それを国王は見ていた。何やら珍しく興味があるように見えたのだ。
「アイシャ。写真が好きなのか?」
「え?」
「そうなの?」
「……」
国王は抱っこして、王女に釣書を見せ始めた。いくつか、見せているとその一つにくいついたのだ。
「ママ!」
「……は?」
「ママ!」
「……」
国王でも、わけがわからず、間抜けな声を出してしまった。王女が指差す先に10歳ほどの少女がいた。
国王は、末っ子の言いたいことが何なのかを把握する前に珍しく混乱して、頭の中は大変なことになっていた。
「アイシャの母上……?」
「いや、全然似てないよ。……この子の方が、可愛いもん」
「確かに」
双子の兄たちは、似ても似つかない令嬢を見て眉を顰めていたが、可愛いと思ったようだ。それまで、まじまじと釣書を見ていなかったが、妹の態度でやっとちゃんと見たようだ。
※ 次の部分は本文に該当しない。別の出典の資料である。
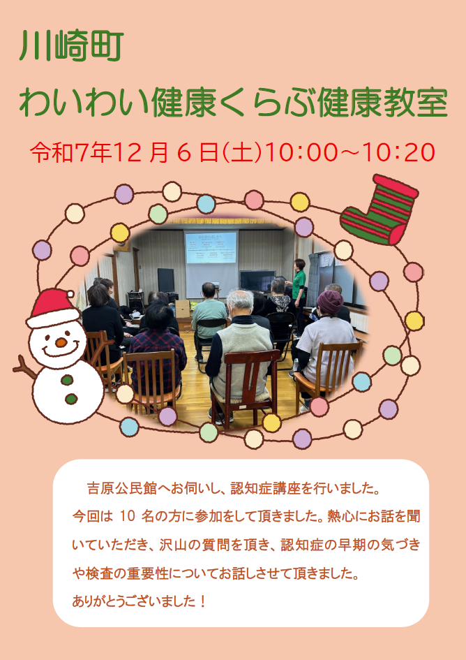 「川崎町 わいわい健康くらぶ健康教室」で吉原公民館に伺いました(認知症講座)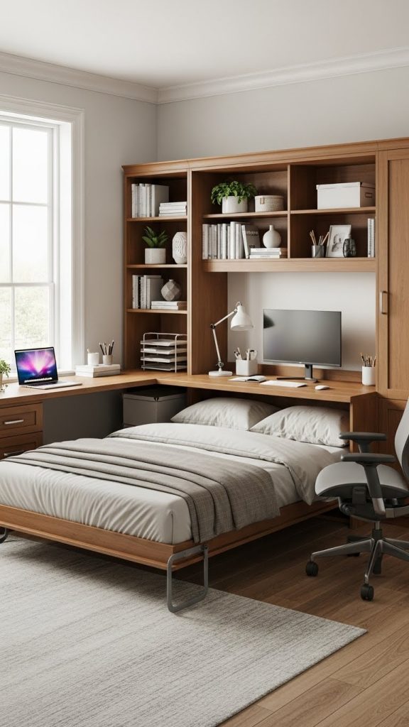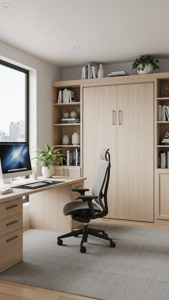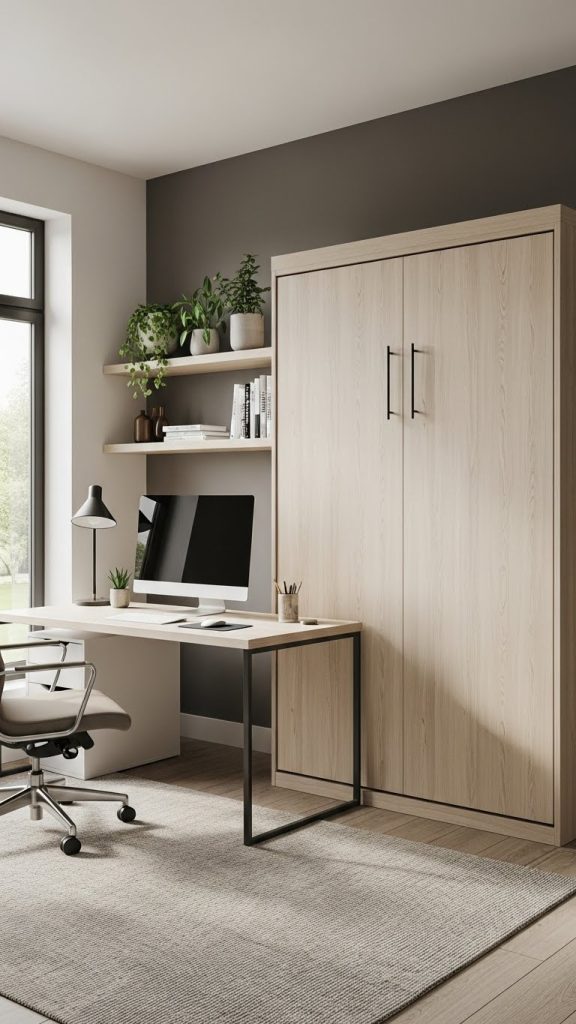 A Murphy bed office is a clever solution that combines workspace and living space, making it perfect for small homes or apartments.

王女は、ママ!と言って、きゃっきゃっと喜んでいた。それは、久しぶりどころか。初めて聞く笑い声だった。
国王は、笑えたのかと驚いていると……。
「アイシャ。それは、母上じゃないよ」
「そうだよ。君の母上は、こっちの令嬢に似てるよ」
別の釣書を見せたが、王女は見向きもしなかった。
それどころか。ママと呼ぶ令嬢の釣書を取り上げると泣き叫んだのだ。
「ママ!!」
「……」
「王女様。これは、お母様ではありませんよ」
「ママ!」
乳母が話しかけて、それを遠くにやろうとするとろくに食事をしていない身体で、立ち上がって乳母の元に歩いたのだ。
「取り上げるな」
「ですが」
乳母は、よろよろと歩く王女を支えるでもなく、取り上げることばかりに躍起になっていた。
「アイシャ」
「……」
「それを持っていていいから、食事をしろ」
国王の言葉に目をパチクリさせた。
「きちんと食べろ」
「……」
「できるな?」
そんなことを言っても理解できないのではないかと思われたが、王女は小さくだが、しっかりと頷いたのを国王は見逃さなかった。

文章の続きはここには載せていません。